>>>>

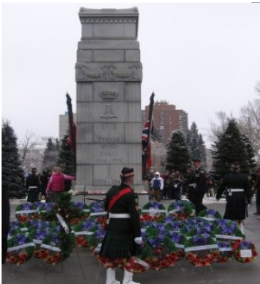
Remembrance Day November 11, 2006 Calgary, Alberta
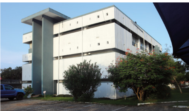
14 Department of Nutrition and Food Science, University of Ghana, Legon, Ghana
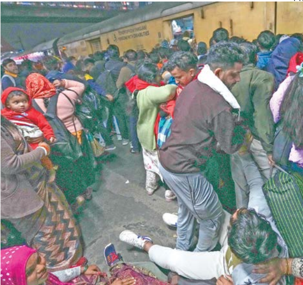
A man falls amid a huge rush of passengers for boarding an overcrowded train for Prayagraj's Mahakumbh, at the New Delhi railway station, Saturday

As survivors recalled how people trampled over each other amid cries for help, the Delhi Police said it will analyse the CCTV footage to determine the exact sequence of events before chaos erupted at the station on Saturday night. The station wit-
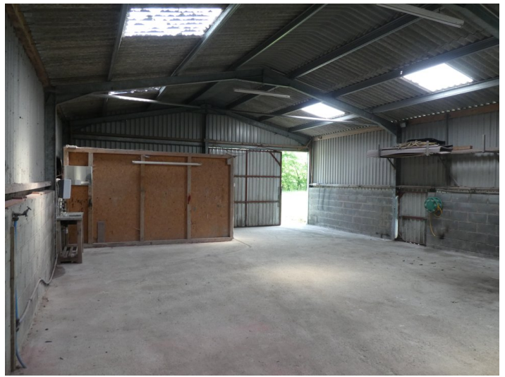
To the Front -

The vendor would consider letting the property by dividing into two sections - keeping one for his own use and letting the other half (approx 45' x 50') on a Long Term Let. - Rental Guide £500 per calendar month.
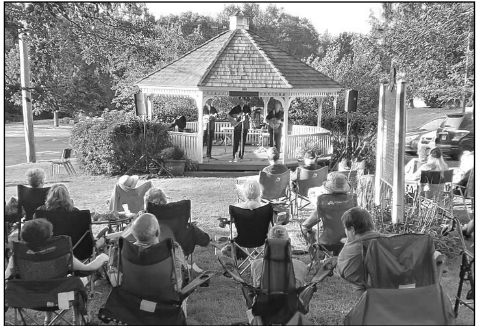
Friends of the Andover Public Library sponsored this concert in August at the town gazebo, their 13th concert in 14 years. Redwood Hill was the band.

Friends of the Fairfield Public Library are hosting Joyce Maynard, the New York Times best-selling author
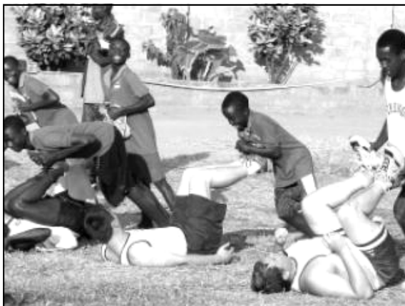
Sports Program creates an opportunity to talk about AIDS.
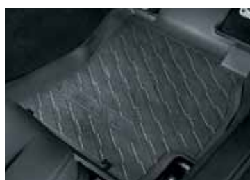
RUBBER FLOOR MATS
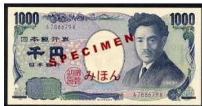
1000 Yen ( New )
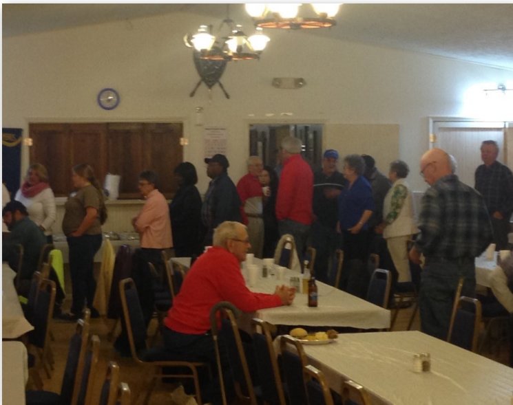
Council 1367 Uniontown
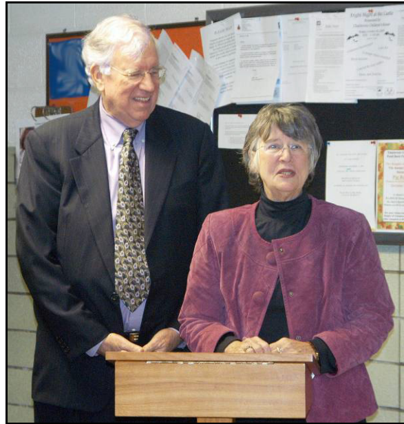
Benjamin Gohs/Charlevoix Courier
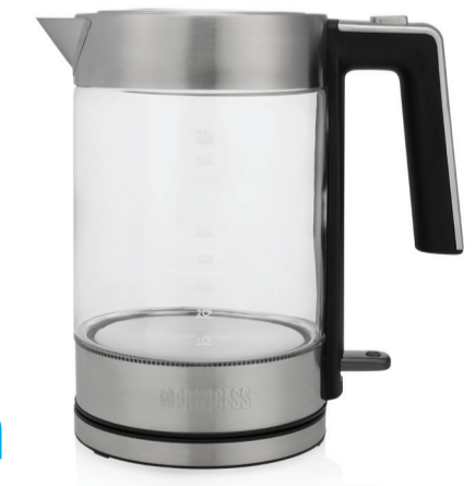
Glass Kettle London
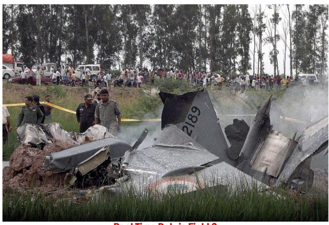
Real Time Debris Field 3
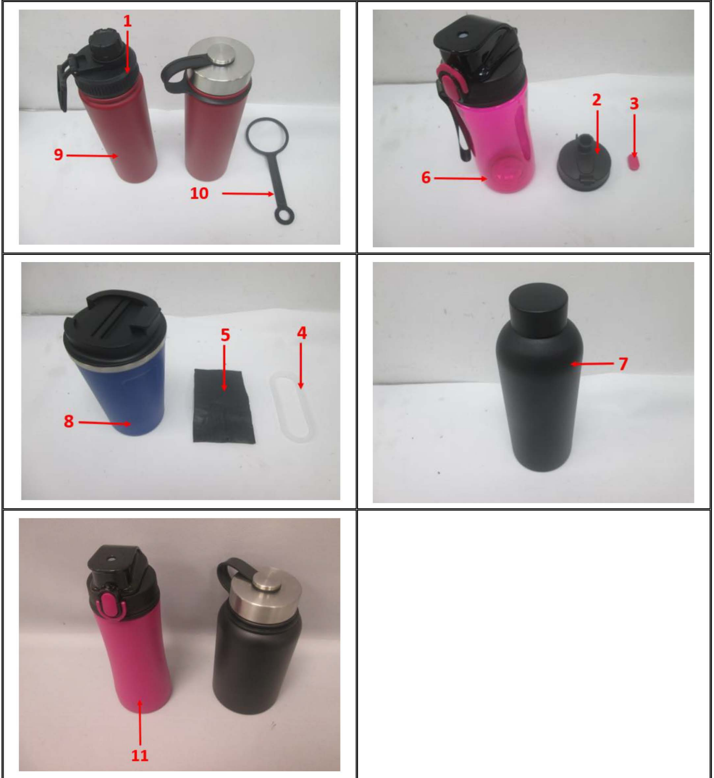
Photo of the Tested Sample
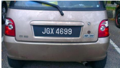
Figure 5: Input Image 2
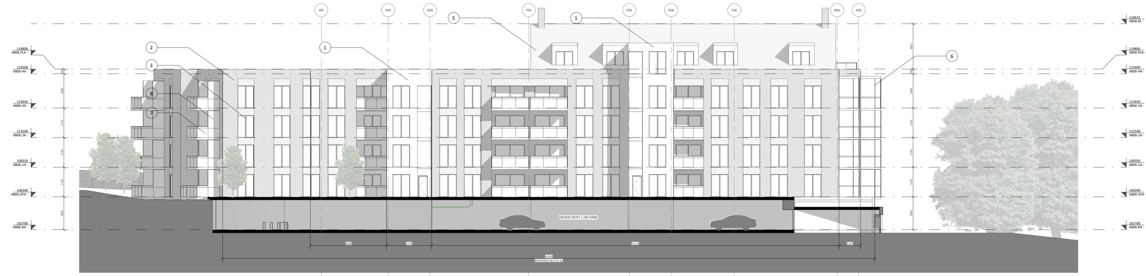
2 Apartment Block 06 Eastern Elevation 1:200
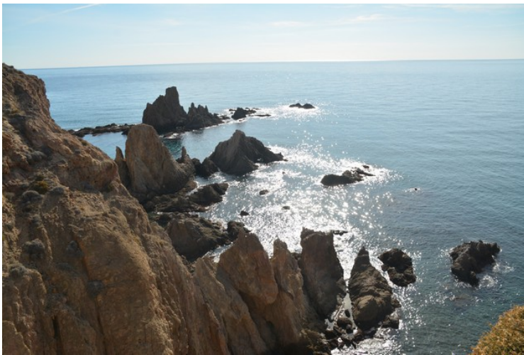
Below the lighthouse there are some sharp rocks.
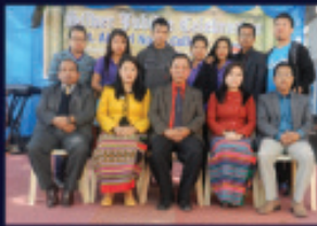
Dept. of Economics
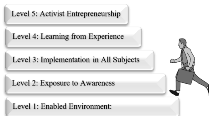
Figure 2. Five-level practical model to promote ACAP inside and outside classrooms (personal proposal)

Figure 02 below illustrates the five-level practical model for promoting ACAP to help teachers in all disciplines to understand how activist teachers should use this practical and useful model inside and outside classrooms.
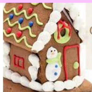
National Gingerbread House Day
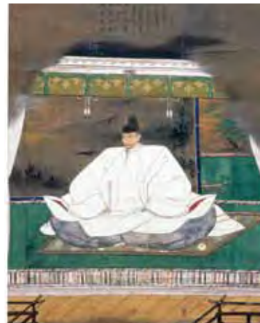
Important Cultural Property Portrait of Toyotomi Hideyoshi, on view 4/7–4/26

This exhibition focuses on the years following Eitoku's death, centering around the Keichō era (1596–1615). Featuring painted masterworks by Eitoku's successors, it traces the changes in aesthetic tastes from bold dynamism to lavish splendor, and eventually to the restrained chic favored by Tokugawa rulers. (Continued on next page.)
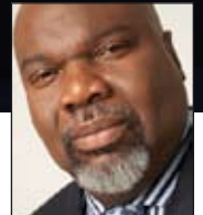
Bishop T.D. JAKES
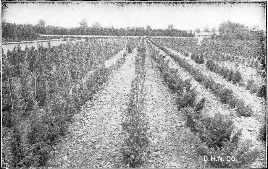
Blocks of Specimen Evergreens, principally Junipers, Hemlocks and Pines.
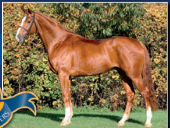
LOCKSLEY II Londonderry x Weltmeyer
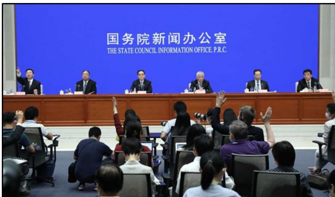
Image: The press conference for the official publication of the white paper on China’s COVID-19 response, which was released by the PRC State Council Information Office on June 7, 2020.

Publishing the White Paper is one attempt by the PRC to show that it is “open and transparent” and that “China gave timely notification to the international community” ( SCIO , June 7). However, in its present form the White Paper raises significant questions about the initial phase of the outbreak and how information was communicated between local, provincial, and national officials: its timeline begins too late to fully answer these questions, which could hamper efforts to learn the origin of the virus and how it spread initially. A clear understanding of how the COVID-19 pandemic began will be necessary for the international medical and scientific community to understand the origins and initial spread of the virus. If the initial days and weeks are not articulated, it may be impossible for epidemiologists, scientists, and policymakers to assess what actually occurred at the outset.
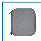
bag for Hearit MT and headset
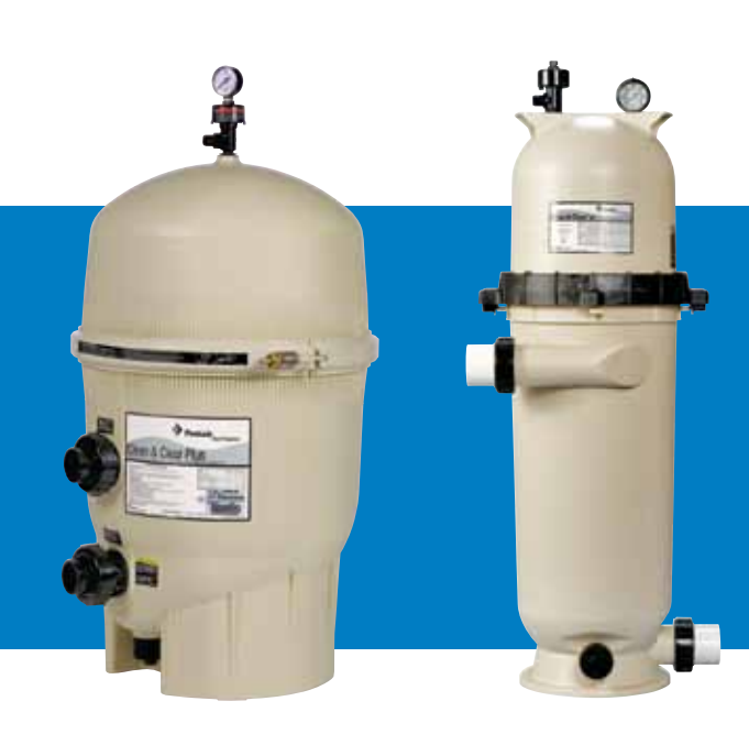
Clean & Clear® Plus Cartridge Filters

• Chemical-resistant, fiberglass-reinforced polypropylene tank provides exceptional strength.
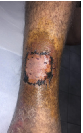
Fig. 3. The eighth day post skin grafting after coverage with silver dressing

in the absence of residue [13]. Dressing of the study group was changed notably more comfortably. The skin grafts were totally integrated after 10-12 days. Negative pressure wound therapy with polyurethane foam can be used on the skin grafs that are covered with silver dressing [14].
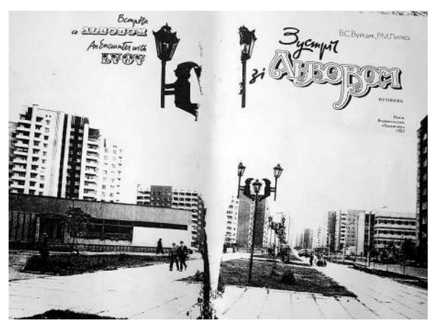
V.Vujcyk, R.Lypka. An Encounter with Lvov. - Lviv, 1987.

The project was glorious. Numerous articles about it were published in local newspapers, informing about the new so called micro districts, schools and shops. It was an ordinary story about Soviet achievements. In 1987 Syhiv was mentioned in the guidebook's story about Lviv (on the guidebook's cover as well as in the article about Soviet architecture<sup>3</sup>).
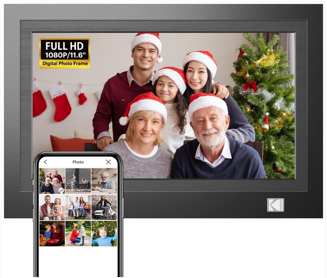
Figure 3.1: Front view of the digital picture frame and app interface.

The front of the frame features an 11.6-inch IPS FHD touchscreen display, offering a clear and vibrant viewing experience for your photos and videos. The touch interface allows for intuitive navigation and control.
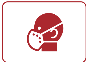
986 N95 Mask
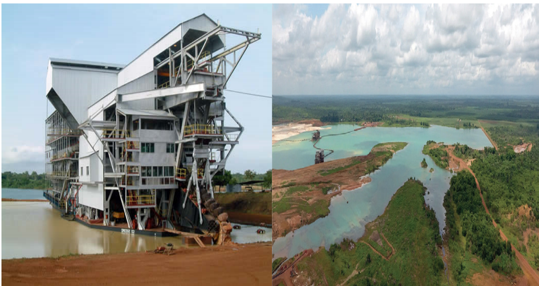
Figures 3. Sierra Rutile Dredge and artificial lakes and ponds [53, 54].
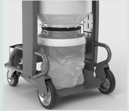
S3 with gravity unload system with Longopac®
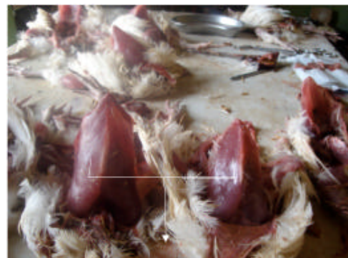
Plate III: Severe congestion of the pectoral muscles of ND infected 3 and 6 week-old broilers (arrow)

Gombe state AI Desk Officer was contacted and 4 live birds were taken to NVRI, Vom for further laboratory investigation.
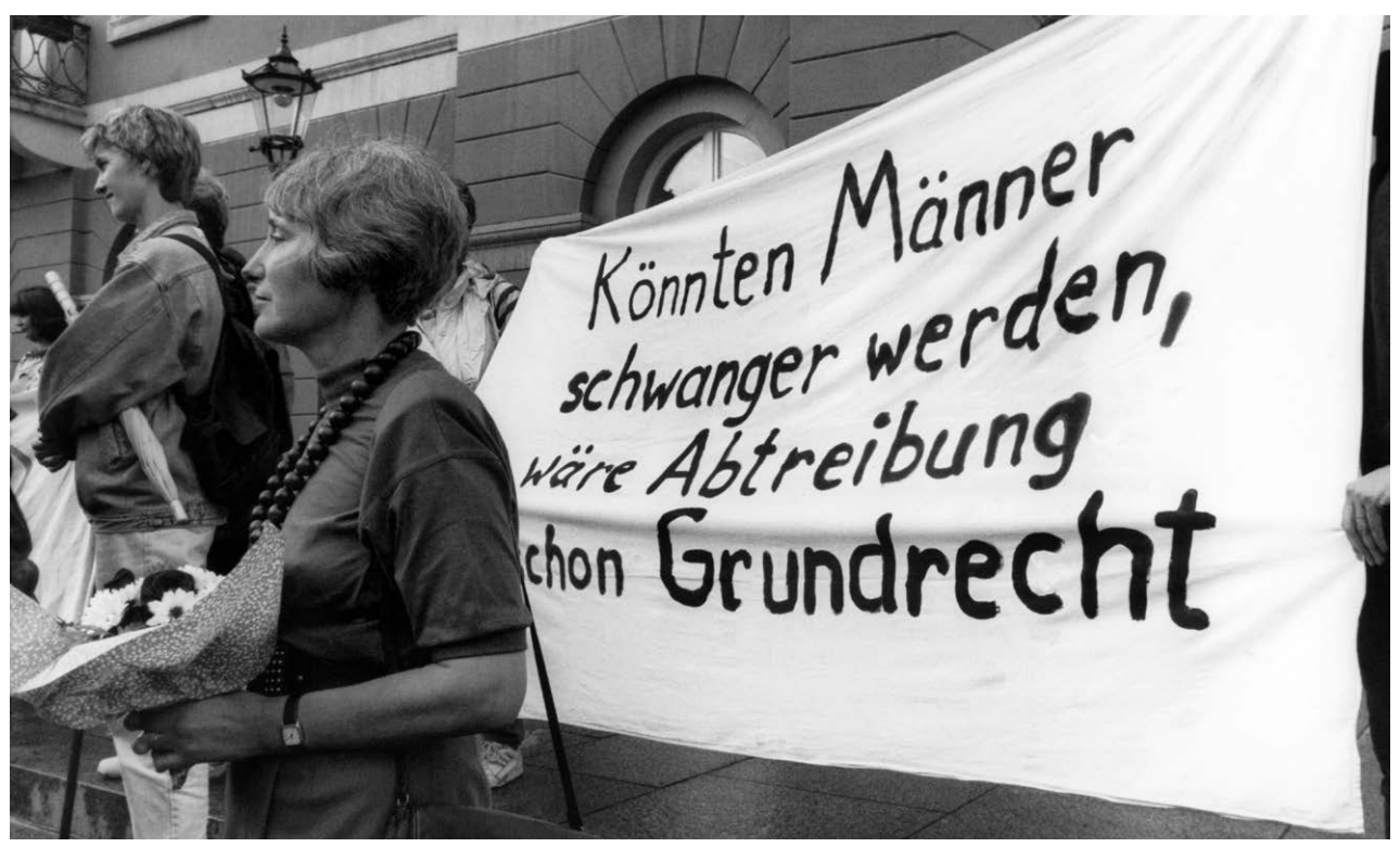
"If men could get pregnant, abortion would already be a basic right", 28 May 1993 in Karlsruhe / Germany

<<<<

## WORK REQUEST
An exact copy of the listing above is to be set down, with no pictures in it.

## RESPONSE BELOW
Remembrance Day November 11, 2006 Calgary, Alberta
14 Department of Nutrition and Food Science, University of Ghana, Legon, Ghana
A man falls amid a huge rush of passengers for boarding an overcrowded train for Prayagraj's Mahakumbh, at the New Delhi railway station, Saturday

As survivors recalled how people trampled over each other amid cries for help, the Delhi Police said it will analyse the CCTV footage to determine the exact sequence of events before chaos erupted at the station on Saturday night. The station wit-
To the Front -

The vendor would consider letting the property by dividing into two sections - keeping one for his own use and letting the other half (approx 45' x 50') on a Long Term Let. - Rental Guide £500 per calendar month.
Friends of the Andover Public Library sponsored this concert in August at the town gazebo, their 13th concert in 14 years. Redwood Hill was the band.

Friends of the Fairfield Public Library are hosting Joyce Maynard, the New York Times best-selling author
Sports Program creates an opportunity to talk about AIDS.
RUBBER FLOOR MATS
1000 Yen ( New )
Council 1367 Uniontown
Benjamin Gohs/Charlevoix Courier
Glass Kettle London
Real Time Debris Field 3
Photo of the Tested Sample
Figure 5: Input Image 2
2 Apartment Block 06 Eastern Elevation 1:200
Below the lighthouse there are some sharp rocks.
Dept. of Economics
Figure 2. Five-level practical model to promote ACAP inside and outside classrooms (personal proposal)

Figure 02 below illustrates the five-level practical model for promoting ACAP to help teachers in all disciplines to understand how activist teachers should use this practical and useful model inside and outside classrooms.
National Gingerbread House Day
Important Cultural Property Portrait of Toyotomi Hideyoshi, on view 4/7–4/26

This exhibition focuses on the years following Eitoku's death, centering around the Keichō era (1596–1615). Featuring painted masterworks by Eitoku's successors, it traces the changes in aesthetic tastes from bold dynamism to lavish splendor, and eventually to the restrained chic favored by Tokugawa rulers. (Continued on next page.)
Bishop T.D. JAKES
Blocks of Specimen Evergreens, principally Junipers, Hemlocks and Pines.
LOCKSLEY II Londonderry x Weltmeyer
Image: The press conference for the official publication of the white paper on China’s COVID-19 response, which was released by the PRC State Council Information Office on June 7, 2020.

Publishing the White Paper is one attempt by the PRC to show that it is “open and transparent” and that “China gave timely notification to the international community” ( SCIO , June 7). However, in its present form the White Paper raises significant questions about the initial phase of the outbreak and how information was communicated between local, provincial, and national officials: its timeline begins too late to fully answer these questions, which could hamper efforts to learn the origin of the virus and how it spread initially. A clear understanding of how the COVID-19 pandemic began will be necessary for the international medical and scientific community to understand the origins and initial spread of the virus. If the initial days and weeks are not articulated, it may be impossible for epidemiologists, scientists, and policymakers to assess what actually occurred at the outset.
bag for Hearit MT and headset
Clean & Clear® Plus Cartridge Filters

• Chemical-resistant, fiberglass-reinforced polypropylene tank provides exceptional strength.
Fig. 3. The eighth day post skin grafting after coverage with silver dressing

in the absence of residue [13]. Dressing of the study group was changed notably more comfortably. The skin grafts were totally integrated after 10-12 days. Negative pressure wound therapy with polyurethane foam can be used on the skin grafs that are covered with silver dressing [14].
V.Vujcyk, R.Lypka. An Encounter with Lvov. - Lviv, 1987.

The project was glorious. Numerous articles about it were published in local newspapers, informing about the new so called micro districts, schools and shops. It was an ordinary story about Soviet achievements. In 1987 Syhiv was mentioned in the guidebook's story about Lviv (on the guidebook's cover as well as in the article about Soviet architecture<sup>3</sup>).
Figure 3.1: Front view of the digital picture frame and app interface.

The front of the frame features an 11.6-inch IPS FHD touchscreen display, offering a clear and vibrant viewing experience for your photos and videos. The touch interface allows for intuitive navigation and control.
986 N95 Mask
Figures 3. Sierra Rutile Dredge and artificial lakes and ponds [53, 54].
S3 with gravity unload system with Longopac®
Plate III: Severe congestion of the pectoral muscles of ND infected 3 and 6 week-old broilers (arrow)

Gombe state AI Desk Officer was contacted and 4 live birds were taken to NVRI, Vom for further laboratory investigation.
"If men could get pregnant, abortion would already be a basic right", 28 May 1993 in Karlsruhe / Germany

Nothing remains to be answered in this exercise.